Доктор отмахнулся от него и вернулся к кровати.
– Не та метафора, – с трудом выговорил Чанлер. – Не тот ад. Не Сизиф. Не греческое. Христианское. Дантовы реки дерьма. Вот что это.
– Я забираю тебя в больницу, Джон, – сказал ему Уортроп.
– Если попробуешь, то я тебя обделаю.
– Конечно. Но я все равно тебя забираю.
– Все ли это… все это… Пелл, но мы забудем.
– Я не понимаю, Джон. Что мы забудем?
Чанлер понизил голос и с большой торжественностью, словно изрекая глубокую истину, произнес:
– Дерьмо. – Он хихикнул. – Все – дерьмо. Я – дерьмо. Ты – дерьмо. – Его взгляд упал на обезьянью физиономию Августина Скалы. – Он – определенно дерьмо… Жизнь – дерьмо. Любовь… любовь – дерьмо.
Уортроп начал было говорить, но фон Хельрунг его оборвал:
– Не надо, Пеллинор. Это говорит не Джон. Это чудовище.
– Ты мне не веришь, – сказал Чанлер. – Просто ты в нем еще не купался, вот и все.
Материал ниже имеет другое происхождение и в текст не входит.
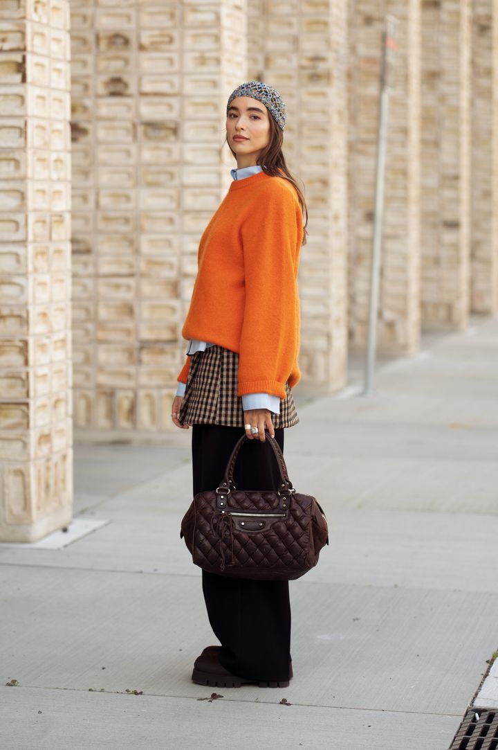 冬のレイヤードにオレンジをプラスすると、温かみと遊び心が加わって◎。シックな受け止め役は、黒ほどコントラストがつきすぎず、ニュアンスをくれるブラウンパンツで決まり。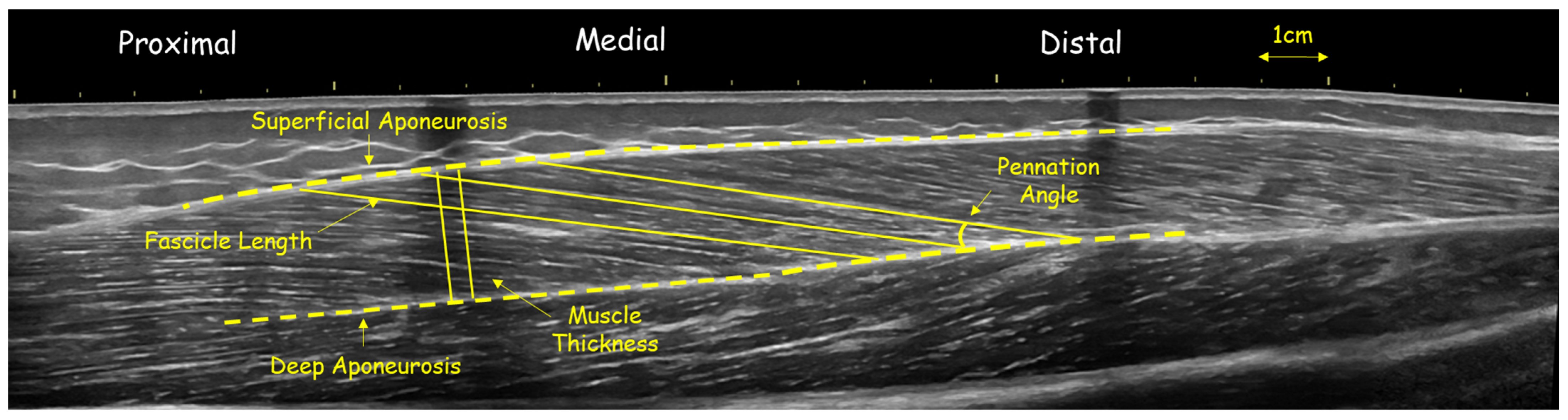 - Noorkoiv, M.; Stavnsbo, A.; Aagaard, P.; Blazevich, A.J. In vivo assessment of muscle fascicle length by extended field-of-view ultrasonography. J. Appl. Physiol. 2010, 109, 1974–1979. [Google Scholar] [CrossRef]

Когда оно начинает пачкать твой девственно чистый зад, ты прыгаешь в реку, верно?
Он закашлялся, во рту скопилась густая зеленая желчь и запузырилась на его губах. Кадык дернулся, и он ее проглотил.
– Ты мне отвратителен, – сказал Чанлер. – Все в тебе омерзительно, тошнотворно, ты, гадкий лицемерный сморчок.
Доктор ничего не сказал. Если он и вспомнил, что когда-то сам говорил эти слова, то не подал виду. Но я вспомнил.
– «Пеллинор, Пеллинор, быть совершенством такая скука!» Эту фразу ты помнишь? – спросил Чанлер.
– Да, – ответил доктор. – Одна из сравнительно добрых, как я припоминаю.
– Надо было позволить тебе утонуть.
Уортроп улыбнулся.
– Почему же не позволил?
– Кого бы я тогда разыгрывал? Впрочем, это была просто показуха. На самом деле ты не хотел утопиться.
– Откуда ты знаешь?
– А оттуда, что я был рядом, тупой мошенник. Если бы ты действительно хотел утопиться, то подождал бы, пока останешься один.
– Ошибся по неопытности.
– О, не переживай, Пелл. Ты там будешь. На днях… мы все… захлебнемся в дерьме…
Его глаза закатились к потолку. Веки задрожали. Доктор посмотрел на меня и кивнул. Он достаточно наслушался. Он указал на дверь. Мы были уже на полпути к ней, когда Чанлер громко закричал:
– Это бесполезно, Пеллинор! Не успеет еще больничная карета выехать за ворота, как он со мной покончит!
Доктор повернулся. Он посмотрел на фон Хельрунга, и его взгляд метнулся на Скалу.
– Хмм, что, ты думаешь, у него в кармане? – сказал Чанлер. – Он вонзит его мне в сердце в ту же минуту, как ты закроешь дверь. Когда никого нет, он его достает, чистит себе ногти, ковыряет в зубах, выскабливает все свои грязные дырки. – Чанлер мерзко ухмыльнулся. – Дилетант! – презрительно бросил он невозмутимому богемцу. – Хочу тебе кое-что сказать: это работа для огимаа. А ты разве огимаа, ты, вонючая иммигрантская обезьяна?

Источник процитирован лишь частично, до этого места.